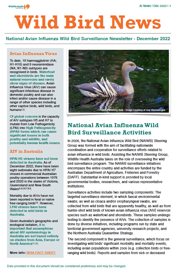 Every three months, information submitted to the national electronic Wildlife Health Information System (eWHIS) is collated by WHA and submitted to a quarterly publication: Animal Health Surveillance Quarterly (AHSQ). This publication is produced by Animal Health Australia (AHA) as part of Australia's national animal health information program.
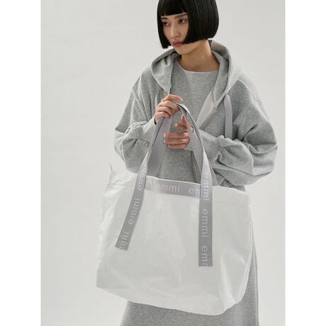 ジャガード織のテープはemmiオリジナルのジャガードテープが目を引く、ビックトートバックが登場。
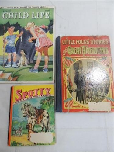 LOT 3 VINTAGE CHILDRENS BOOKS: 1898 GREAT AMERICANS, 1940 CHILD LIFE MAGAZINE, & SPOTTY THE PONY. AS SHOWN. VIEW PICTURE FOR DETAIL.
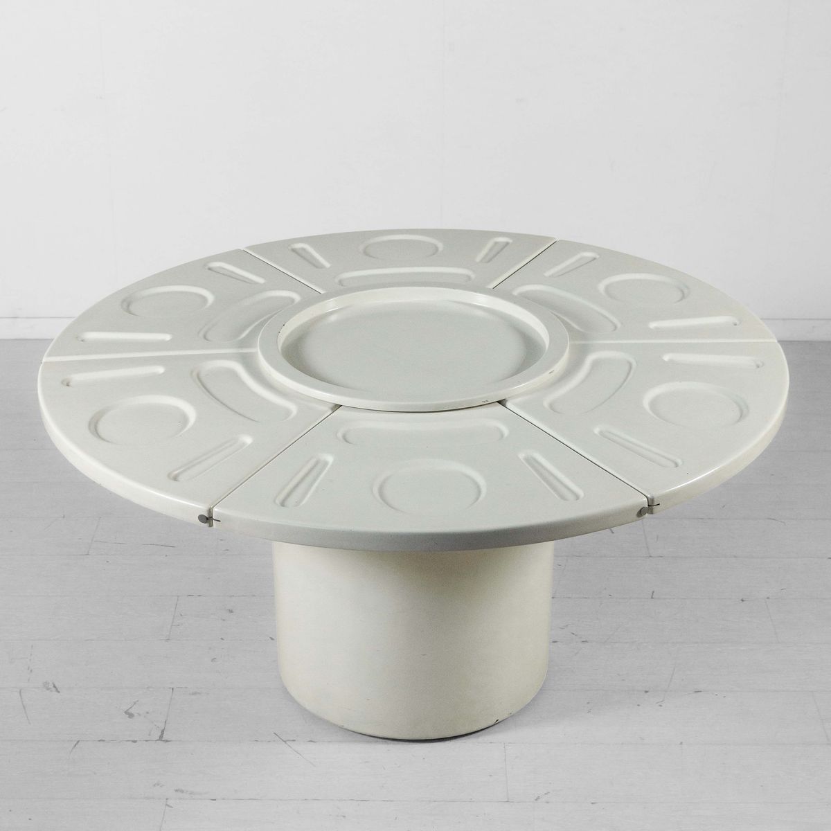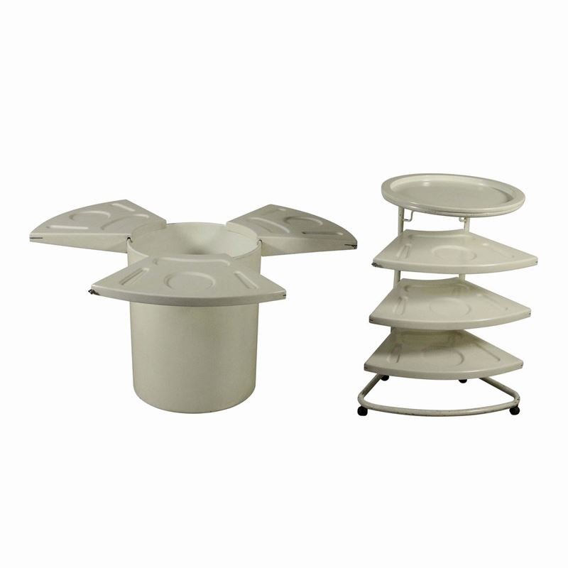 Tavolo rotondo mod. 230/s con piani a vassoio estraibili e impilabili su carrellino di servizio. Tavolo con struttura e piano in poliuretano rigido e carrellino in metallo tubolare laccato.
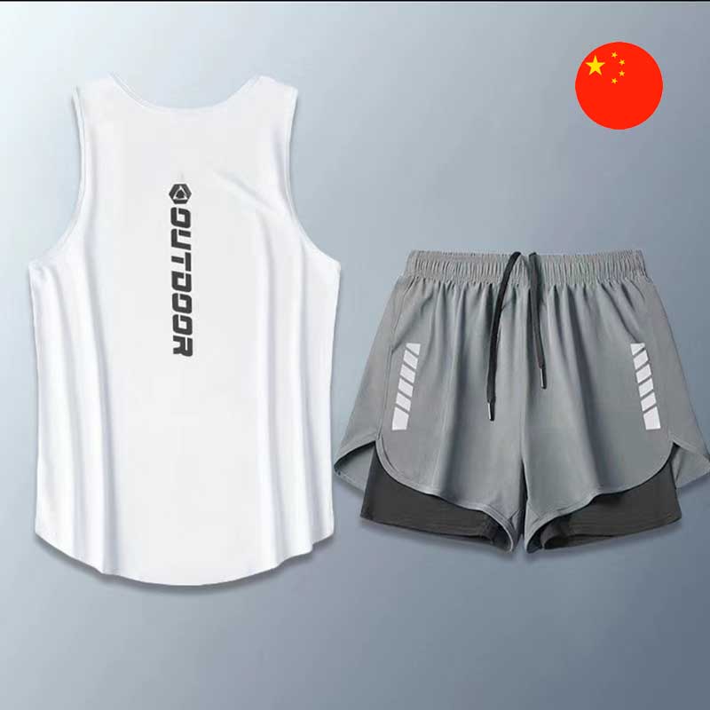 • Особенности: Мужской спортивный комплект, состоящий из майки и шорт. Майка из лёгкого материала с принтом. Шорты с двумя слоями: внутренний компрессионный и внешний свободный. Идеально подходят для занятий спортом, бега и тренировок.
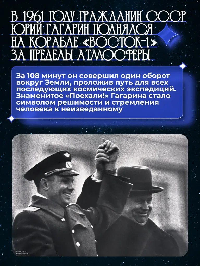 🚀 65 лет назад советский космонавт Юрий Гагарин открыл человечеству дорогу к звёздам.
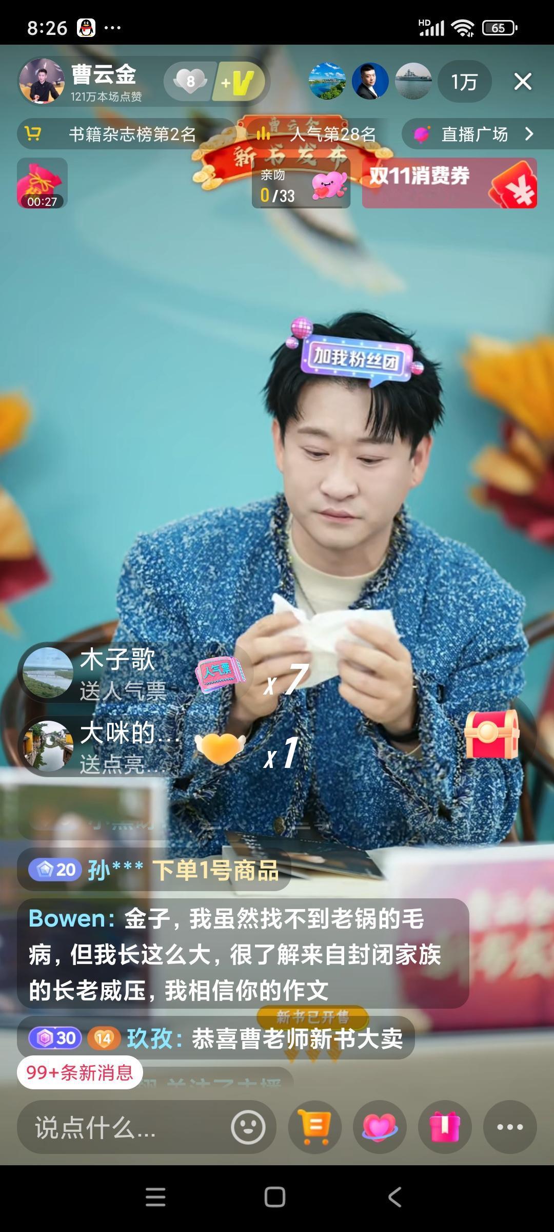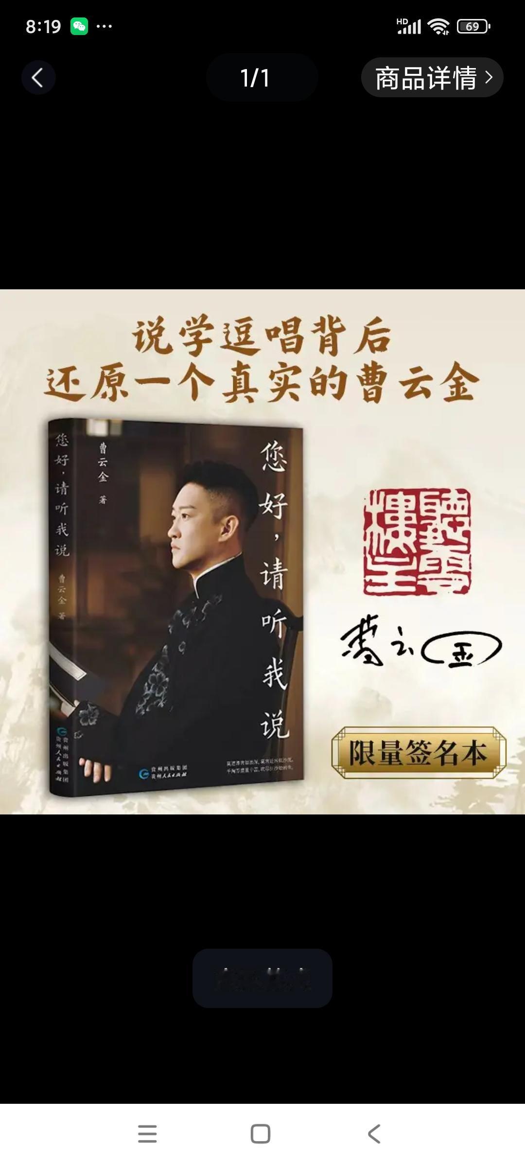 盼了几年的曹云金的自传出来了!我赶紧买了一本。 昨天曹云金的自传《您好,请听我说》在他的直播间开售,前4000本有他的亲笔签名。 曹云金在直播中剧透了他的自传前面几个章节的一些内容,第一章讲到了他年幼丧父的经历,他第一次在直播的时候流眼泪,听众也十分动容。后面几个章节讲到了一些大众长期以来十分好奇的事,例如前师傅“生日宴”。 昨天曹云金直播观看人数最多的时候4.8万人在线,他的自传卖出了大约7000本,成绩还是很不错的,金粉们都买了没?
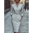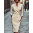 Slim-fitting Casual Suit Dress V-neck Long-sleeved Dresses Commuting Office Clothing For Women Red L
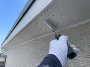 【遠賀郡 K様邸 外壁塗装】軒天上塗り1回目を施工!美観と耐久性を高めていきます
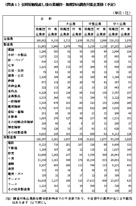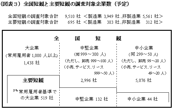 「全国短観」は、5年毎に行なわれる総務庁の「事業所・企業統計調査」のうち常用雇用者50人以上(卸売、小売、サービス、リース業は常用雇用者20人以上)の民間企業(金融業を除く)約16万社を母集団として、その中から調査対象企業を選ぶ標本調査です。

..........

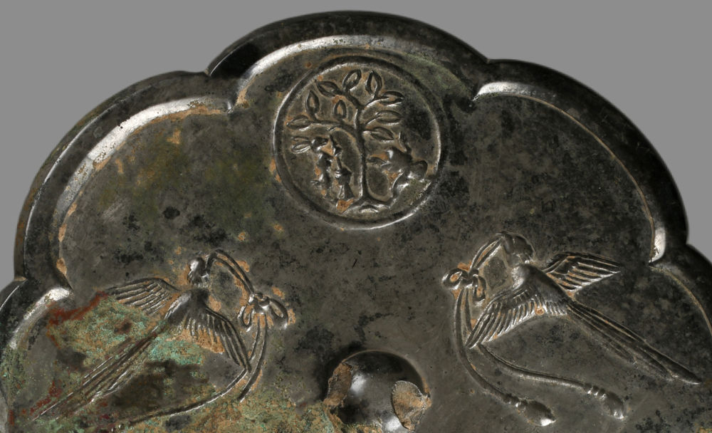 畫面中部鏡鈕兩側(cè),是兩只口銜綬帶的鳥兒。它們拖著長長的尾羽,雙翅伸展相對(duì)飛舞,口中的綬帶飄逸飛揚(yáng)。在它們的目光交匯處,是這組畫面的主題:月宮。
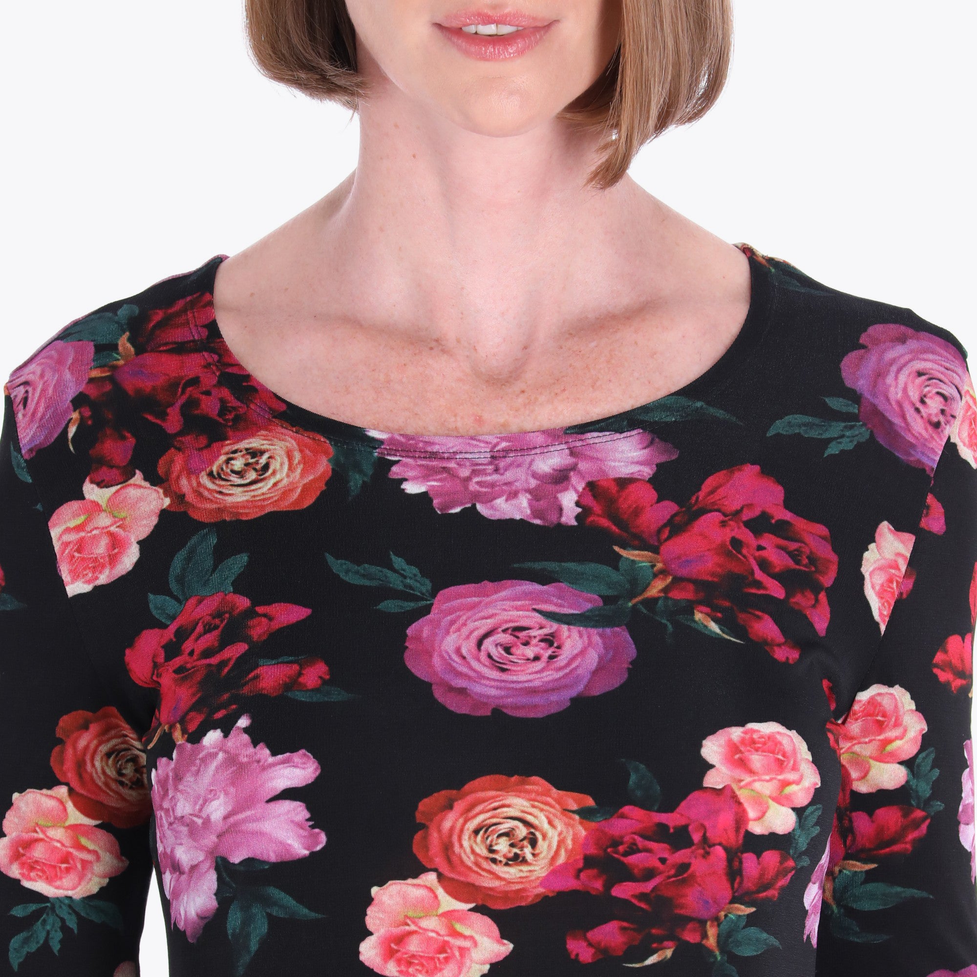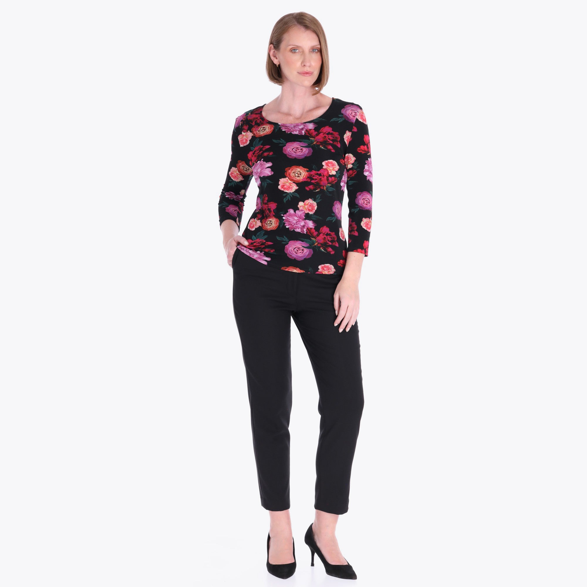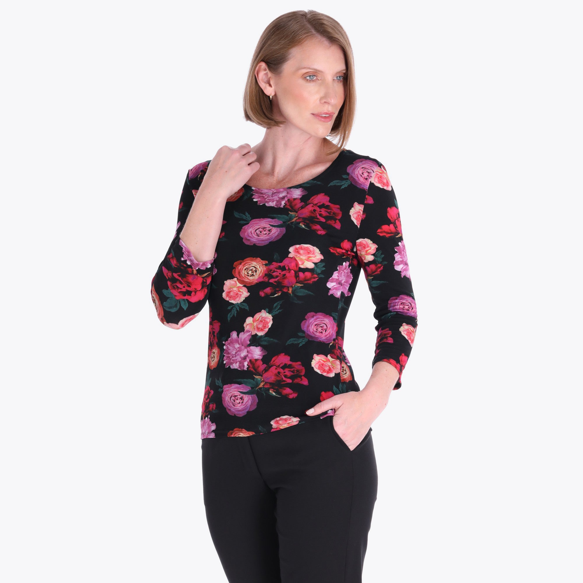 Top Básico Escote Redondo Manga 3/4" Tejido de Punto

..........

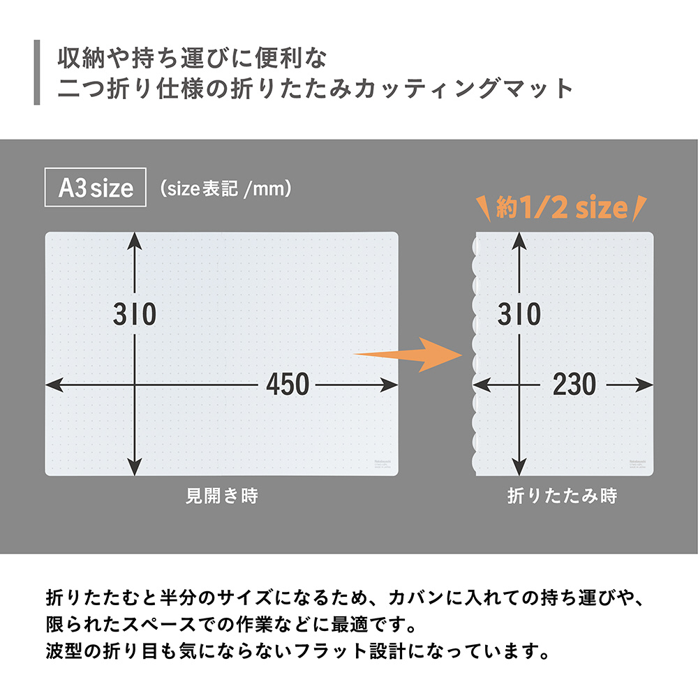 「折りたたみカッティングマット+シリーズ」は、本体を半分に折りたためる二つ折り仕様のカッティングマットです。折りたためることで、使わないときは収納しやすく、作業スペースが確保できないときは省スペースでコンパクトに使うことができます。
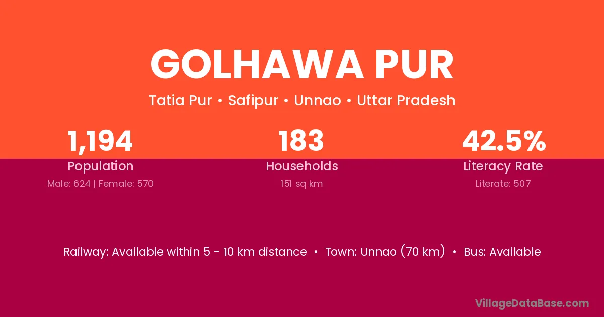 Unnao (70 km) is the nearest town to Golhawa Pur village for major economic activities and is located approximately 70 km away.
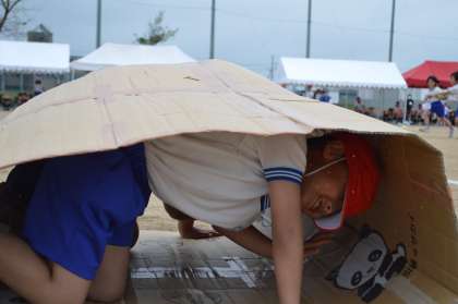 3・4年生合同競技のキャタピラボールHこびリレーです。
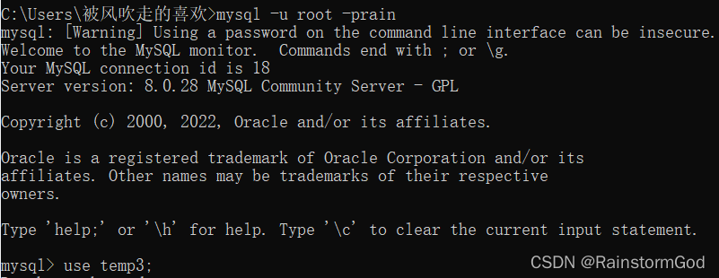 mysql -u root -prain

..........

Repeat only the stretch of data above that runs from the line with "Every three months, information" to the line with "Tavolo rotondo mod.". Keep both end lines; exclude pictures.

- _Solution to this exercise_:
 Every three months, information submitted to the national electronic Wildlife Health Information System (eWHIS) is collated by WHA and submitted to a quarterly publication: Animal Health Surveillance Quarterly (AHSQ). This publication is produced by Animal Health Australia (AHA) as part of Australia's national animal health information program.
 ジャガード織のテープはemmiオリジナルのジャガードテープが目を引く、ビックトートバックが登場。
 LOT 3 VINTAGE CHILDRENS BOOKS: 1898 GREAT AMERICANS, 1940 CHILD LIFE MAGAZINE, & SPOTTY THE PONY. AS SHOWN. VIEW PICTURE FOR DETAIL.
 Tavolo rotondo mod. 230/s con piani a vassoio estraibili e impilabili su carrellino di servizio. Tavolo con struttura e piano in poliuretano rigido e carrellino in metallo tubolare laccato.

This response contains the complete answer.